In the current climate of increasing public concern over fake news, the idea that metacognitive awareness can moderate or change news perception, and affect changes in decision-making, seems crucial in understanding how users of social media cope with disinformation, manipulation, and partial truths.

We aim to explore how conspicuous presence or absence of metacognitive processes may affect social media users’ willingness to accept or reject a piece of news as true or false. To which degree do people believe that they are acting autonomously? Are there signs of awareness of evolutionary, cognitive, and neurological phenomena, which reinforce belief confirmation and reject counter-attitudinal cognitions?

According to David Dunning (2012), 40 years of research substantiate that people consistently overestimate their capacity to judge their performance. Yet, there is significant confirmation that instances of metacognitive awareness enable individuals to discern a biasing influence and make corrections to adjust their perceptions, which may result in a more realistic assessment of the news they receive (Petty, Wegener, and White 1998)

Sentencing impulsively “This is fake news”, upon a cursory reading of a headline or an article, would be “primary thinking” in cognitive psychology parlance. Conversely, “My estimation that this is fake news might be motivated by the sender, or the author, or the ideological slant”, would constitute an example of a higher-order thought process that constitutes metacognitive awareness and which is characterized by a more deliberate, effortful, time-consuming cognitive activity (Rucker et-al.:2011; ; Briñol & DeMarree: 2012).

This process of “bias correction” also requires a certain measure of awareness of the optimism bias, another unconscious, automatic mechanism of the human mind. Humans have a strong propensity to shun or dismiss information if they fear that once acquired, this knowledge will not allow them to believe what they would like to keep believing (Sharot: 2011)

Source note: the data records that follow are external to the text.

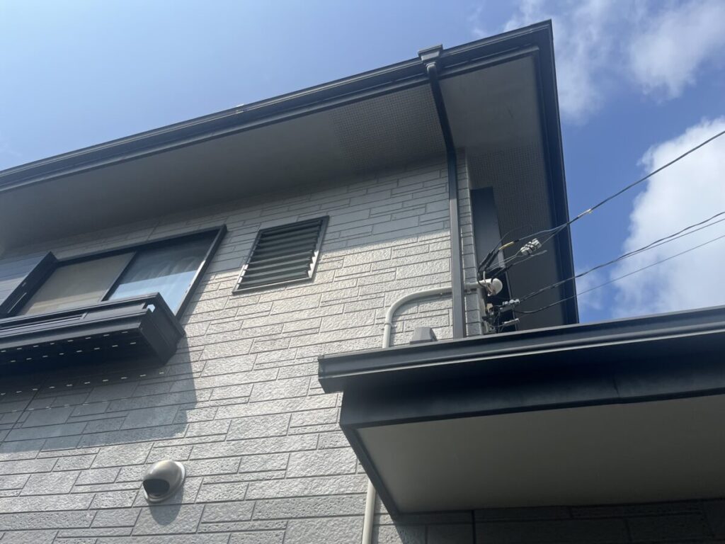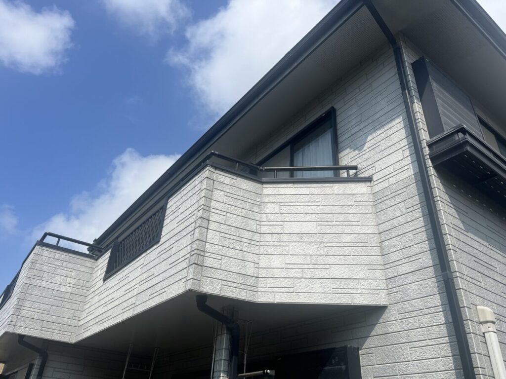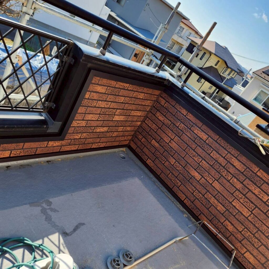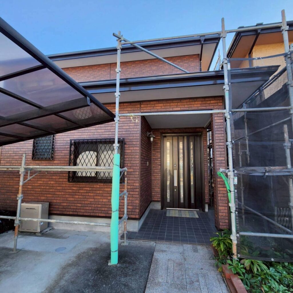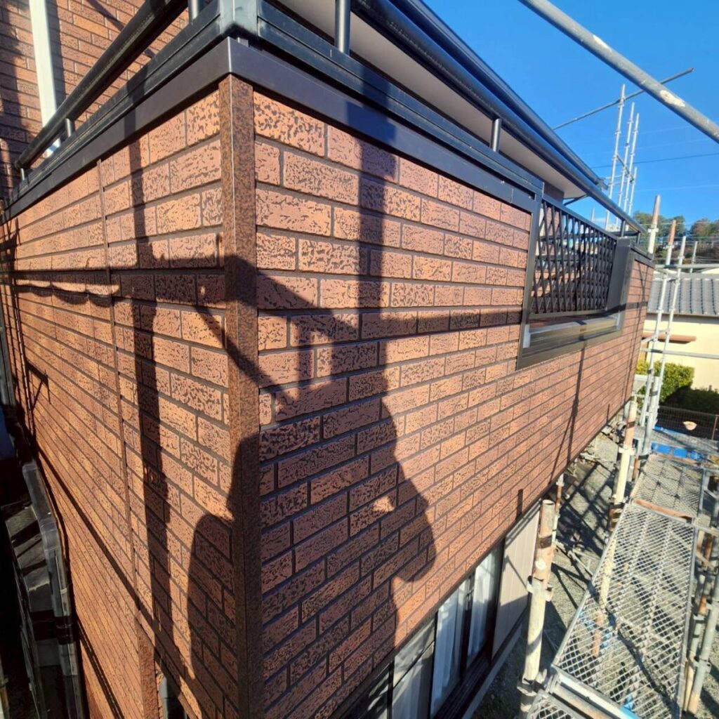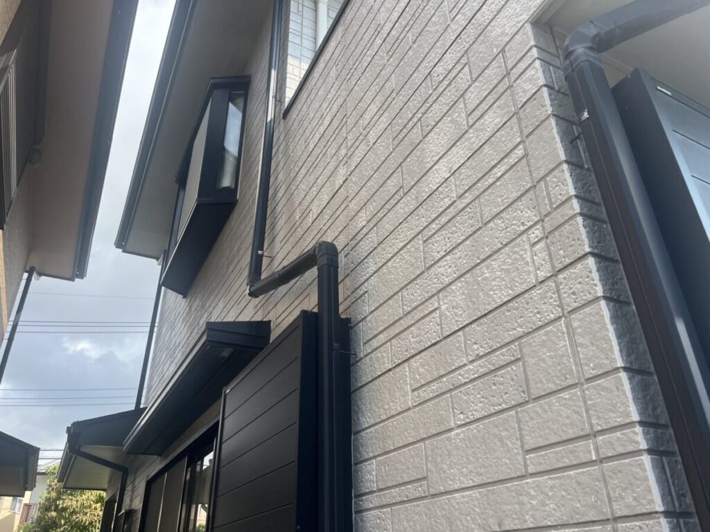 外壁の柄は単色からタイル柄へと変わり、塗装では再現できない立体感のある仕上がりになります。金属サイディングは防水性・防音性・断熱性が向上する工事で、金額は上がりますが、それ以上に安心感と耐久性を重視した外壁工事だと考えています。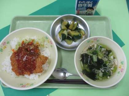 5月13日(金) 今日の給食 公開日 2022/05/13 更新日 2022/05/13 給食室より 5月13日(金)<今日の献立> ・みそチキンカツ丼 ボイルキャベツ添え ・スタミナきゅうり ・青菜と豆腐のすまし汁 ・牛乳 いいね(0)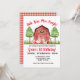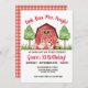 Farm/ Barnyard first birthday invitation with Red Gingham Back featuring Pig, Sheep, Cow, and a Horse with party hats.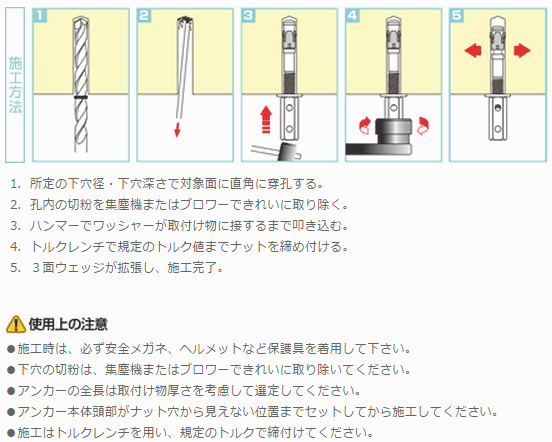 ・トルク管理による施工と大きな3面ウェッジで、懸垂物取付けに確実な強度を発揮。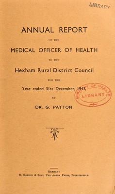 Credit: [Report 1943] / Medical Officer of Health, Hexham R.D.C. Source: Wellcome Collection.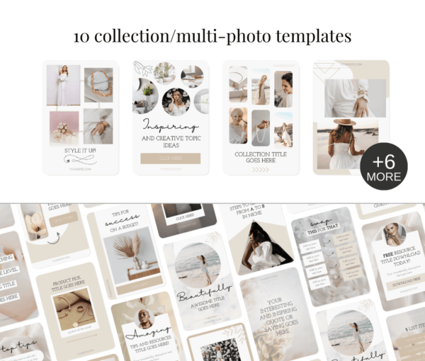 Elegant style Pinterest templates, in gorgeous natural beige tones, designed to catch the eye of your ideal audience on Pinterest.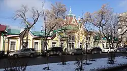 Kyzyl-Tan (Russian: Кызыл-Тан, tr. kyzyl tan) is a building of the former Verny Trading House, located at 63 Jibek Joly Street in Almaty. It is an architectural monument of the late 19th - early 20th centuries. Sources are divided on its architect and its time of construction. According to some, it was built in 1912 by the architect Andrey Zenkov. Others suggest it was built in 1896 by the architect Paul Gourdet to house Iskhak Gabdulvaliev's store.[1] It has been protected by the state as a monument of history and culture of national importance since 1982.

To this end, we conducted six, two-hour-long focus group meetings (n=48). The focus group discussions were recorded and transcribed. Participants were selected controlling for age, sex, educational level, media engagement, and public engagement. We analyzed the participants’ contributions for conspicuous displays or marked absence of three metacognitive processes: bias correction, optimism bias (avoidance of negative cognitions), and over-/under-confidence in judging their own performance. We asked participants to judge their competence to gauge the veracity of information, and to discern fake news relative to other users. We prompted participants to produce examples from their social media accounts of what they perceived as fake news, and we gave them examples of news stories, some true and some false, and asked them to determine their veracity.

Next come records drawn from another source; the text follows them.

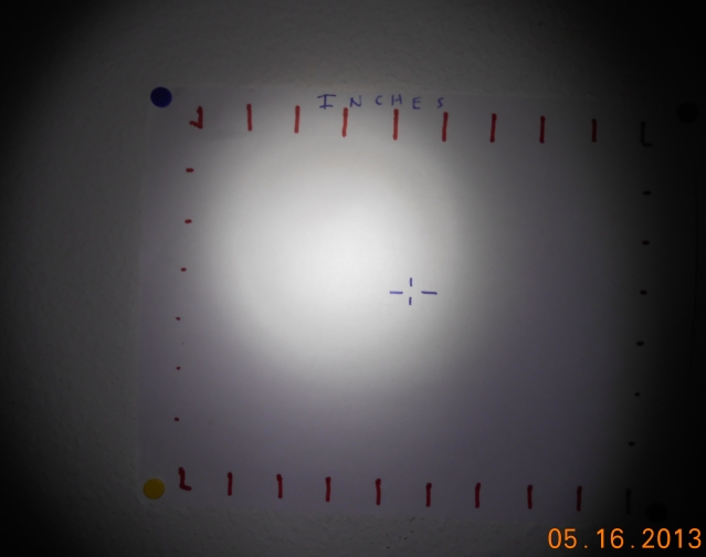 Beam terminus photograph of the PhosForce on a wall at ~6 feet (~1.5 meters).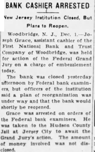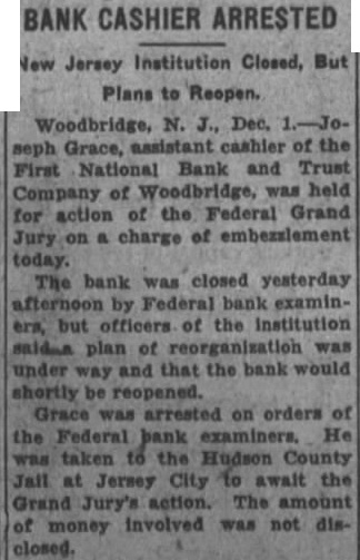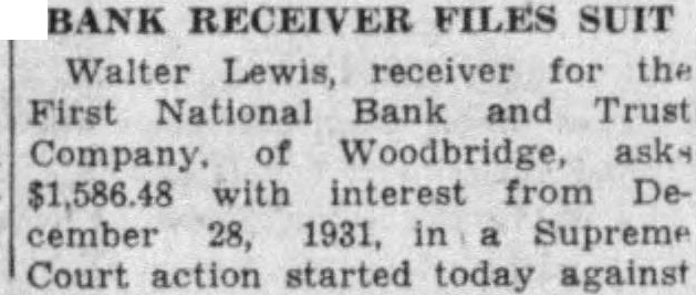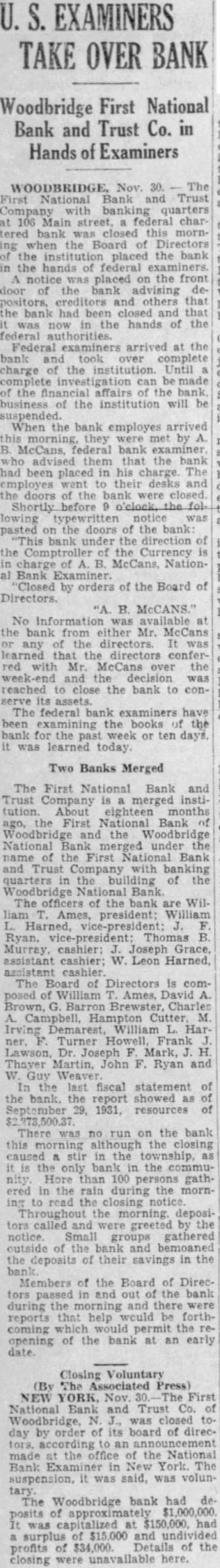EXAMINERS TAKE OVER BANK Woodbridge First National Bank and Trust Co. in Hands of Examiners Nov. The First National Bank and Trust Company quarters 106 street, charbank closed morning the Board Directors the institution placed the bank in the hands of federal examiners. notice was placed on the front door of the bank advising deand others that the bank had and that now the hands of the Federal examiners arrived at the took over charge the institution. Until can made the affairs bank the institution will be suspended. When the bank employes arrived they met by McCans, federal bank examiner them that the had been placed his charge The went desks and the doors bank were closed. Shortly before notice was pasted the doors of the bank bank the direction the the Currency is charge of Nation Bank Closed by orders of the Board of Directors. "A. B. McCANS. No at the either Mr. McCans the It learned conferwith Mr. McCans the week-end and decision was reached to the bank to conThe federal examining the books the for the or ten days, was learned today. Two Banks Merged The First National Bank and Trust Company is instiAbout eighteen months ago, the First National Bank Woodbridge and the Woodbridge National under name First Bank quarters the building of the Woodbridge Bank The officers of the bank Wilpresident; William cashier: Joseph Grace, assistant W. Leon Harned, assistant cashier The Board of Directors is of William Brown, M. Demarest, William HarTurner Frank Dr. Joseph Mark, H Thayer Martin, John F. Ryan and Guy Weaver last fiscal statement the the report showed 29, 1931, resources There was run on the bank this although the closing caused stir in the the the nity. Hore than 100 the rain during the morning read the morning. depositors called and were greeted by the Small groups gathered outside the deposits of their savings in the Members of the Board of Direcpassed out the during the and there reports that help would be forthcoming the opening of the bank at an early date. Closing Voluntary (By The Press) NEW YORK, Nov. The National Bank and Trust Co. Woodbridge, was closed today by of its board of the the National in New York. The suspension, It was said, was volun- The Woodbridge bank had deapproximately was capitalized $150,000. had $15,000 profits of $34,000. Details of the closing were unavailable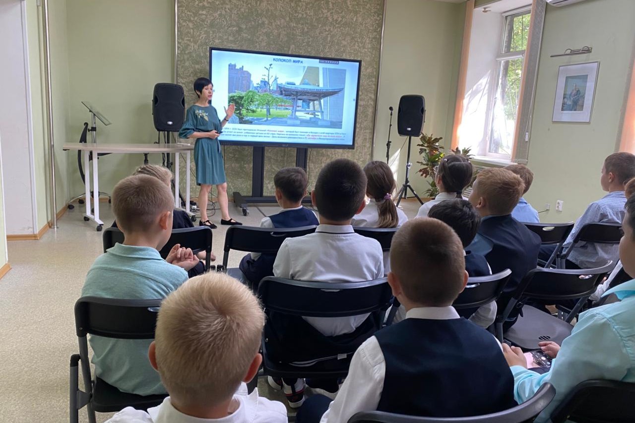 19 сентября патриотический час «Миру – мир!» состоялся в библиотеке им. Н.Н. Муравьева-Амурского (ул. Калинина, 21) для школьников СОШ № 62. Участники встречи познакомились с историей и традициями этого праздника. На слайдах презентации читатели увидели символы праздника – голубя мира и колокол мира, отлитый из монет, собранных детьми из 60 стран. Познакомились с церемонией праздника и увидели интересные памятные знаки, посвященные теме мира. Например, скульптуру «Нет насилию» в Нью-Йорке и памятник «Миру – мир», установленный в Москве. Юные читатели узнали о том, чем занимаются миротворческие силы ООН и послы Доброй воли, вспомнили некоторые эпизоды, связанные с трагическими событиями в Беслане. Ребят очень тронул рассказ о японской девочке Садако Сасаки, ставшей одной из жертв ядерного взрыва в Хиросиме и ее борьбе за мечту.

We conclude that observing both evidence of metacognition, and absence of metacognition affords insight into people’s capacity to judge news as true or fake. Over-confidence, coupled with obliviousness to cognitive biases (strong optimism bias, no notion of bias correction) were strong predictors for people’s inclination to believe and share fake news. Conversely, under-confidence to judge coupled with awareness of cognitive biases made people more skeptical of fake news and less vulnerable to deception.